*WHAT YOU NEED TO DO*:
Please transcribe exactly the lines from the first line of the records below through the line containing "Riescono nella storica", including both, and omit all pictures.

:: DATASET

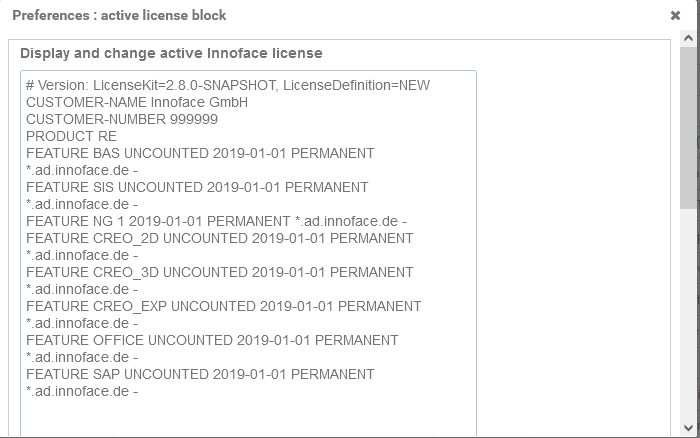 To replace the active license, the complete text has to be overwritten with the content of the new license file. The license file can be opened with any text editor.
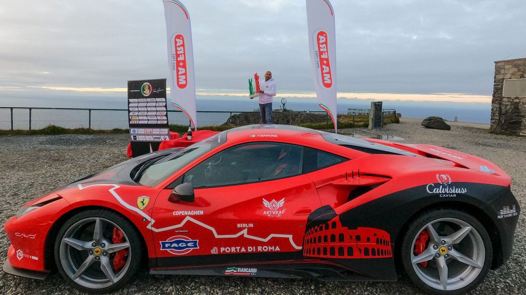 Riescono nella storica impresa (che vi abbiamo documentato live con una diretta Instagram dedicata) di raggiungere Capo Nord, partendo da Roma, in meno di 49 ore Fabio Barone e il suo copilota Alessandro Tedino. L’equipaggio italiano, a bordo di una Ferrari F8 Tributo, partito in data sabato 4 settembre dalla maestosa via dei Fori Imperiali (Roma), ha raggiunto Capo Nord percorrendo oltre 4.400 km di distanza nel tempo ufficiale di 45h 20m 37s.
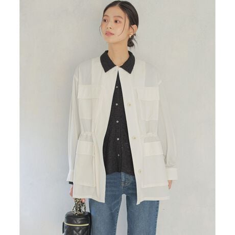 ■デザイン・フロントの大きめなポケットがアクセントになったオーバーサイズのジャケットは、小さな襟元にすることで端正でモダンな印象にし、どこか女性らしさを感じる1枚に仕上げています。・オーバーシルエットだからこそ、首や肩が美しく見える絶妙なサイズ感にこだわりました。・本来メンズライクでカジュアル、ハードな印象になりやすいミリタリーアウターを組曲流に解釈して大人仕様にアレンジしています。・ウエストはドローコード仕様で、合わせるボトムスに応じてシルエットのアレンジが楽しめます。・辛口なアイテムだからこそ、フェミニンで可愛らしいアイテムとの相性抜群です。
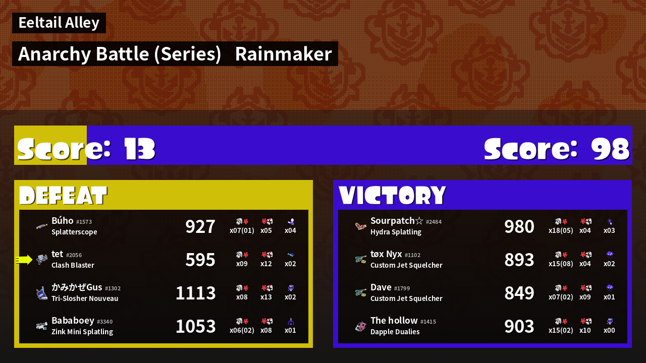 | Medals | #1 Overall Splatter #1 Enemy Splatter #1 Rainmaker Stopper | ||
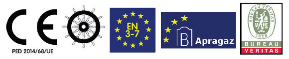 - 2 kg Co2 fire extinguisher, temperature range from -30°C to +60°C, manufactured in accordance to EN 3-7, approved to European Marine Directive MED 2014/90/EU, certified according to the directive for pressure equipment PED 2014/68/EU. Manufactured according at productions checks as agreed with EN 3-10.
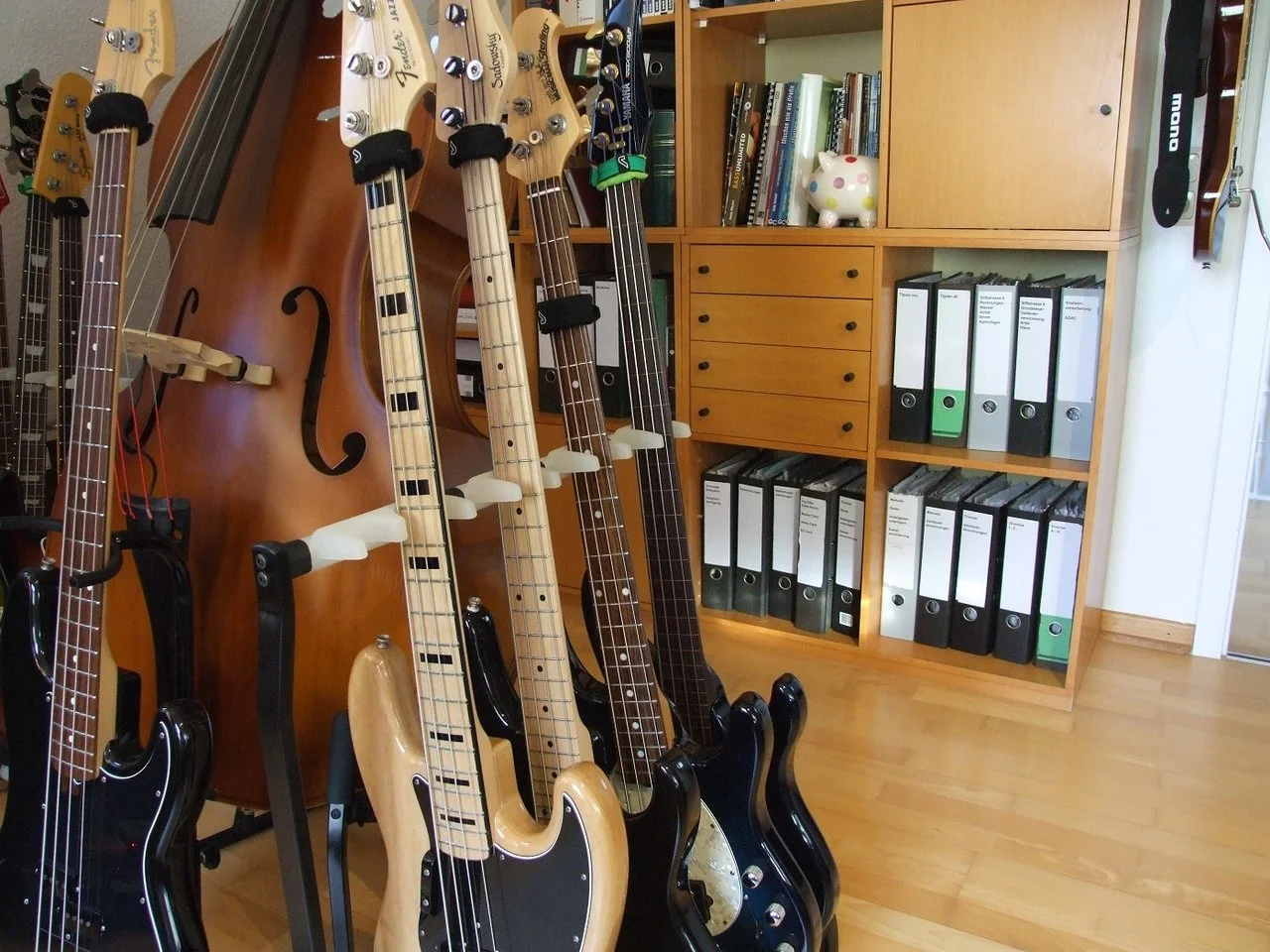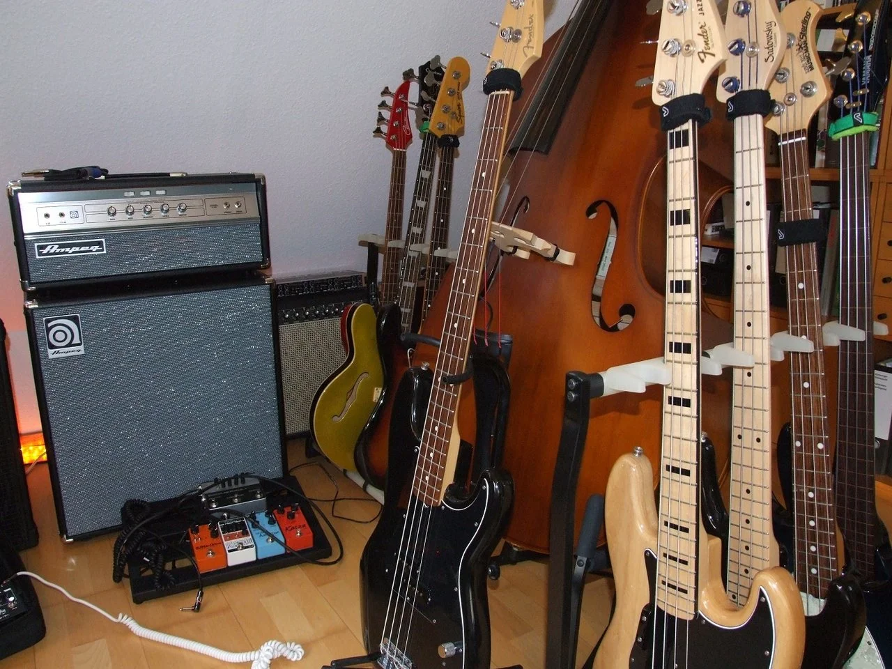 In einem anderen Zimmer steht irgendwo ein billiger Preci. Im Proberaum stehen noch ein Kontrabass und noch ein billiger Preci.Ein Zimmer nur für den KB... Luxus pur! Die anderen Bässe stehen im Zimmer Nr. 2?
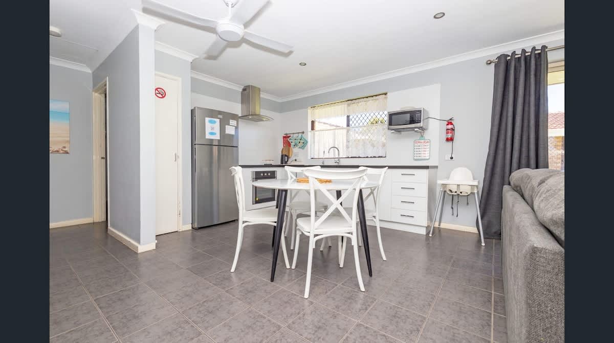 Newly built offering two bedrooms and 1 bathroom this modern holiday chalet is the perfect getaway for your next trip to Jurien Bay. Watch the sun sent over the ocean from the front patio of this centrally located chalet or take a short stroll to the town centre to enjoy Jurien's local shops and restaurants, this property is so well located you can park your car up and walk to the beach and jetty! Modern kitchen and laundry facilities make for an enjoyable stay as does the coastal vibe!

::::

*OUTPUT OF THE TASK*:
 To replace the active license, the complete text has to be overwritten with the content of the new license file. The license file can be opened with any text editor.
 Riescono nella storica impresa (che vi abbiamo documentato live con una diretta Instagram dedicata) di raggiungere Capo Nord, partendo da Roma, in meno di 49 ore Fabio Barone e il suo copilota Alessandro Tedino. L’equipaggio italiano, a bordo di una Ferrari F8 Tributo, partito in data sabato 4 settembre dalla maestosa via dei Fori Imperiali (Roma), ha raggiunto Capo Nord percorrendo oltre 4.400 km di distanza nel tempo ufficiale di 45h 20m 37s.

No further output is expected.